IOC members rarely vote against recommendations from their 15-member board and the IBA’s ouster is likely a formality.

The IOC had already suspended the IBA’s recognition in 2019 over long-standing financial, sports integrity and governance issues. The Olympic body oversaw the boxing competitions itself at the Tokyo Olympics held in 2021 and will do so again for Paris.

An IOC statement said the boxing body “has failed to fulfil the conditions set by the IOC … for lifting the suspension of the IBA’s recognition.”

The IBA criticized what it called a “truly abhorrent and purely political” decision by the IOC and warned of “retaliatory measures.”
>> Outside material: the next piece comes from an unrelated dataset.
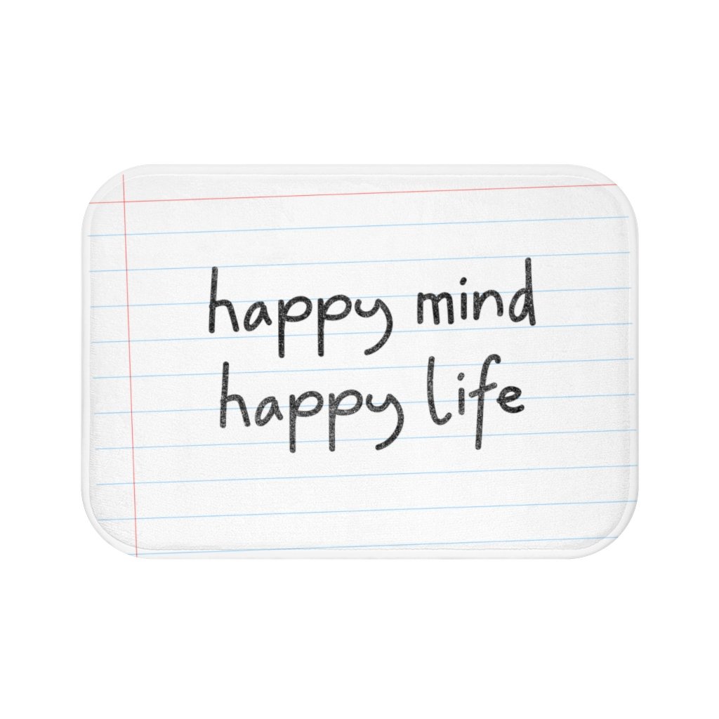 The Happy Mind, Happy Life Pencil Font Bath Mat is the perfect addition to your bathroom decor, combining both style and functionality. Made from 100% microfiber, this bath mat offers a soft and comfortable surface for your feet, making it an ideal choice for stepping out of the shower or bath. The unique pencil font design adds a touch of personality and positivity to your space, reminding you to maintain a happy mindset every day. With dimensions of 24" x 17", this bath mat fits perfectly in front of sinks, tubs, or showers, providing a cozy spot to land your feet. One of the standout features of this bath mat is its anti-slip backing, which ensures that it stays securely in place, reducing the risk of slips and falls in the bathroom. This is especially important in a wet environment where safety is a priority. The binding around the edges not only enhances the durability of the mat but also gives it a polished look, making it a stylish addition to your bathroom decor. Whether you are redecorating your bathroom or simply looking for a practical yet chic bath mat, the Happy Mind, Happy Life Pencil Font Bath Mat is an excellent choice. It is easy to clean and maintain, ensuring that it remains looking fresh and vibrant for years to come. This bath mat is not just a functional item; it is a statement piece that reflects your personality and values. The cheerful message of 'Happy Mind, Happy Life' serves as a daily reminder to embrace positivity and joy in your life. This bath mat is suitable for various bathroom styles, from modern to traditional, and can complement a wide range of color schemes. It also makes a thoughtful gift for friends or family members who appreciate unique home decor items. In addition to its aesthetic appeal, the bath mat's practical features make it a must-have for any bathroom. The microfiber material is not only soft but also quick-drying, helping to keep your bathroom clean and free from excess moisture. This is particularly beneficial in preventing mold and mildew growth, which can be a concern in humid environments. The mat's lightweight design allows for easy handling and repositioning, making it convenient to wash or move as needed. When it comes to home essentials, the Happy Mind, Happy Life Pencil Font Bath Mat stands out as a versatile and stylish option that enhances both the look and safety of your bathroom. Its combination of comfort, durability, and a positive message makes it a unique product that you will love to use every day. Upgrade your bathroom experience with this delightful bath mat that not only serves a practical purpose but also uplifts your spirits. With its charming design and functional features, this bath mat is sure to become a favorite in your home. Don't miss out on the opportunity to add a touch of happiness to your daily routine with the Happy Mind, Happy Life Pencil Font Bath Mat.

“Now, we are left with no chance but to demand a fair assessment from a competent court,” the boxing body’s Russian president Umar Kremlev said in a statement.

The IOC-IBA standoff has also put boxing’s place at the 2028 Los Angeles Games at risk, though that should now be resolved.

The IOC previously stressed it has no problem with the sport or its athletes — just the IBA and its current president Kremlev, plus financial dependence on Russian state energy firm Gazprom.

In a 24-page report on IBA issues published Wednesday, the IOC concluded “the accumulation of all of these points, and the constant lack of drastic evolution throughout the many years, creates a situation of no-return.”

Olympic boxing’s reputation has been in question for decades. Tensions heightened after boxing officials worldwide ousted long-time IOC member C.K. Wu as their president in 2017 when the organization was known by its French acronym AIBA.

“From a disreputable organization named AIBA governed by someone from the IOC’s upper echelon, we committed to and executed a change in the toxic and corrupt culture that was allowed to fester under the IOC for far too long,” Kremlev said Wednesday in a statement.

National federations then defied IOC warnings in 2018 by electing as their president Gafur Rakhimov, a businessman from Uzbekistan with alleged ties to organized crime and heroin trafficking.

Kremlev’s election to replace Rakhimov in 2020 followed another round of IOC warnings that went unheeded.

Amid the IBA turmoil, a rival organization called World Boxing has attracted initial support from officials in the United States, Switzerland and Britain.

The IBA can still continue to organize its own events and held the men’s world championships last month in the Uzbek capital Tashkent.